You could just concatenate the serial number of the device, the feature name/code and some secret salt and hash the result with SHA1 (or another secure hashing algorithm). The device compares the given hash to the hash generated for each feature, and if it finds a match it enables the feature.
By the way, to keep the character count down I'd suggest to use base64 as encoding after the hashing pass.
SHA-1 looks to be the best way to go. However, what I am seeing from sample output of SHA-1 keys is that they are pretty long (40 chars). Would I obtain sufficient results if I took the 40 char result and, say, truncated all but the last 16 characters?
Generally it's not a good idea to truncate hashes, they are designed to exploit all the length of the output to provide good security and resistance to collisions. Still, you could cut down the character count using base64 instead of hexadecimal characters, it would go from 40 characters to 27.
Hex: a94a8fe5ccb19ba61c4c0873d391e987982fbbd3
Base64: qUqP5cyxm6YcTAhz05Hph5gvu9M
---edit---
Actually, #Nick Johnson claims with convincing arguments that hashes can be truncated without big security implications (obviously increasing chances of collisions of two times for each bit you are dropping).
You should also use an HMAC instead of naively prepending or appending the key to the hash. Per Wikipedia:
The design of the HMAC specification was motivated by the existence of
attacks on more trivial mechanisms for combining a key with a hash
function. For example, one might assume the same security that HMAC
provides could be achieved with MAC = H(key ∥ message). However, this
method suffers from a serious flaw: with most hash functions, it is
easy to append data to the message without knowing the key and obtain
another valid MAC. The alternative, appending the key using MAC =
H(message ∥ key), suffers from the problem that an attacker who can
find a collision in the (unkeyed) hash function has a collision in the
MAC. Using MAC = H(key ∥ message ∥ key) is better, however various
security papers have suggested vulnerabilities with this approach,
even when two different keys are used.
For more details on the security implications of both this and length truncation, see sections 5 and 6 of RFC2104.

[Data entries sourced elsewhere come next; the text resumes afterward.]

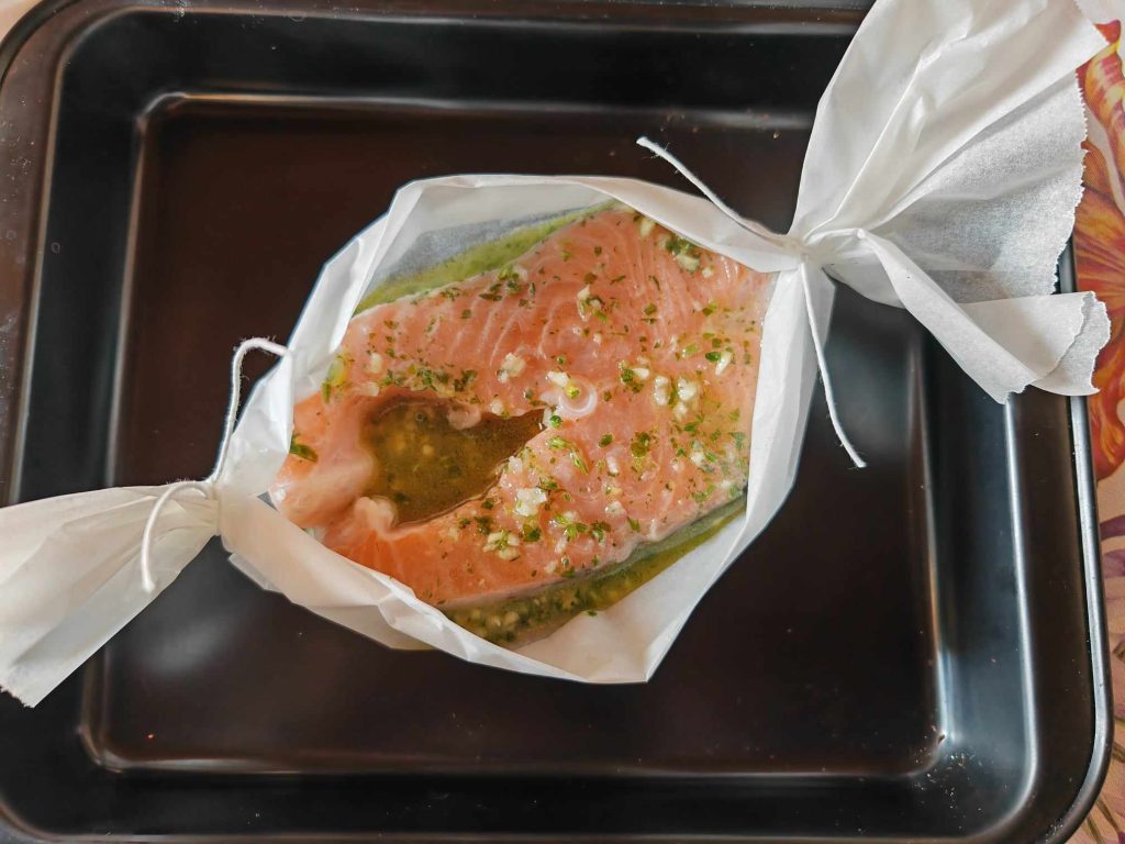 In wezen gaat het om vis in folie, maar omdat de zalm in plakken (of filets) is, is het nog gemakkelijker en sneller om te bereiden en te eten omdat het niet veel schoongemaakt hoeft te worden.
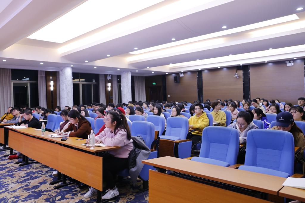 四会全体学生干部、2018级年级干部及各班班长、团支书、本科生第一党支部党员参加并认真聆听培训。
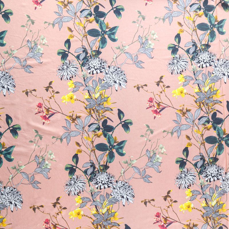 Легкая набивная ткань с цветочным принтом имеет высокую прочность, большую износоустойчивость. Ткань упругая, мягкая и хорошо драпируется, тянется за счет эластана в составе, образует струящиеся складки. Идеально подойдет для пошива блуз, юбок, платьев, сарафанов.

One option is to use a hash as Matteo describes.
Another is to use a block cipher (e.g. AES). Just pick a random nonce and invoke the cipher in counter mode using your serial numbers as the counter.
Of course, this will make the keys invertible, which may or may not be a desirable property.

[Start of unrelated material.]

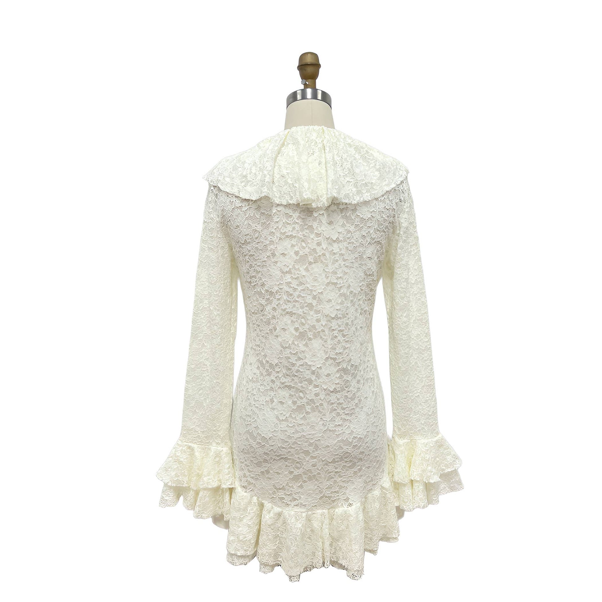 XHHH Inc - Ruffle Lace Flare Sleeve Blouse: BEIGE / L
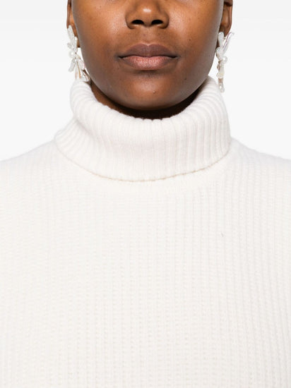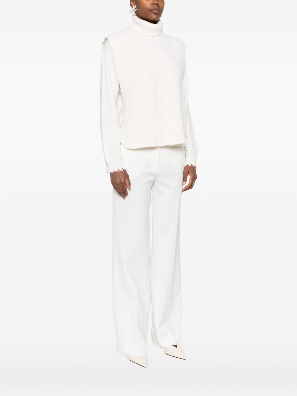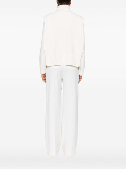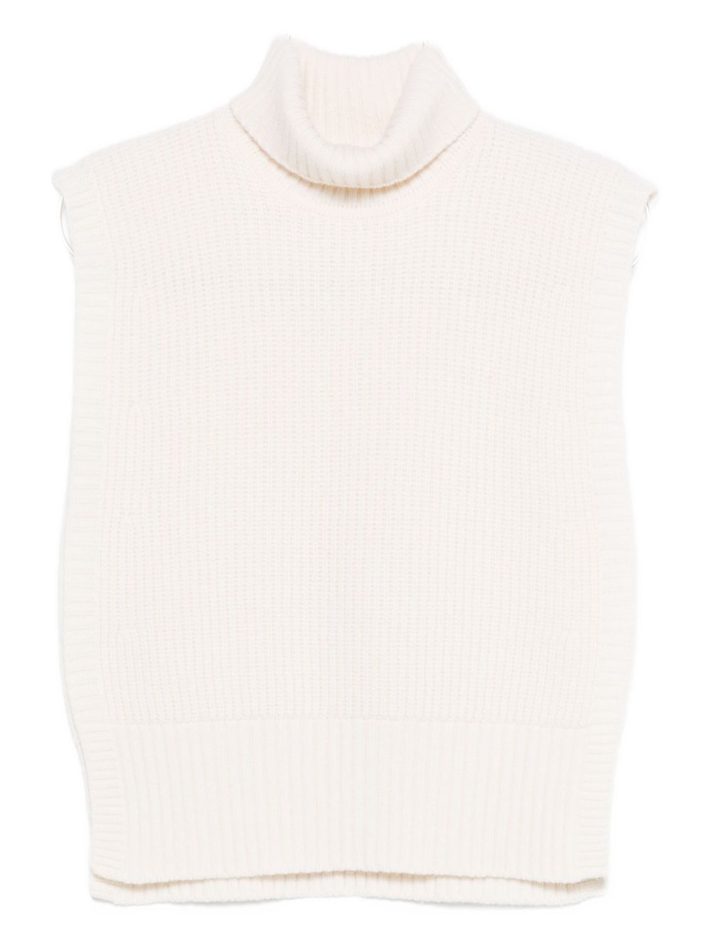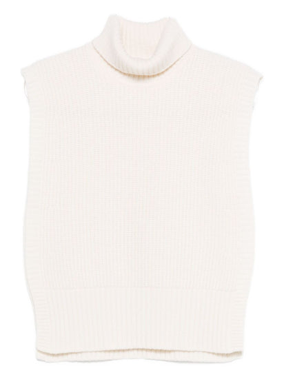 off-white ribbed knit sleeveless turtleneck neckline straight hem cropped length wool Wool turtle-neck top

You can use an Xorshift random number generator to generate a unique 64-bit key, and then encode that key using whatever scheme you want. If you use base-64, the key is 11 characters long. If you use hex encoding, the key would be 16 characters long.
The Xorshift RNG is basically just a bit mixer, and there are versions that have a guaranteed period of 2^64, meaning that it's guaranteed to generate a unique value for every input.
The other option is to use a linear feedback shift register, which also will generate a unique number for each different input.

Related

What is the conflict probability of md5 digestion if input string only contains alphanumericals

The input strings have the following conditions:
Only contain alphanumericals ([a-zA-Z0-9])
The size of a string is always less than 256 bytes
Total number of input strings is less then 1000,000
So what is the conflict probability of md5 digestion if the input strings are all under the above conditions? Can I just assume that there has no conflict?
If the inputs are random the likelihood of a collision in that input set is very low. That being said MD5 is a broken algorithm and a human can easily use software to find a collision. So you probably just shouldn't use MD5, but it depends on what you're using it for. I'm not sure why you would ever want to use MD5 anymore. You should look into the blake2 family or the newer SHAs (SHA256, SHA512, not SHA-1). If these are passwords you should pretty much definitely be using a hash designed for passwords like PBKDF2 or one of the Argons. To be honest I'd recommend just using libsodium's defaults for most things.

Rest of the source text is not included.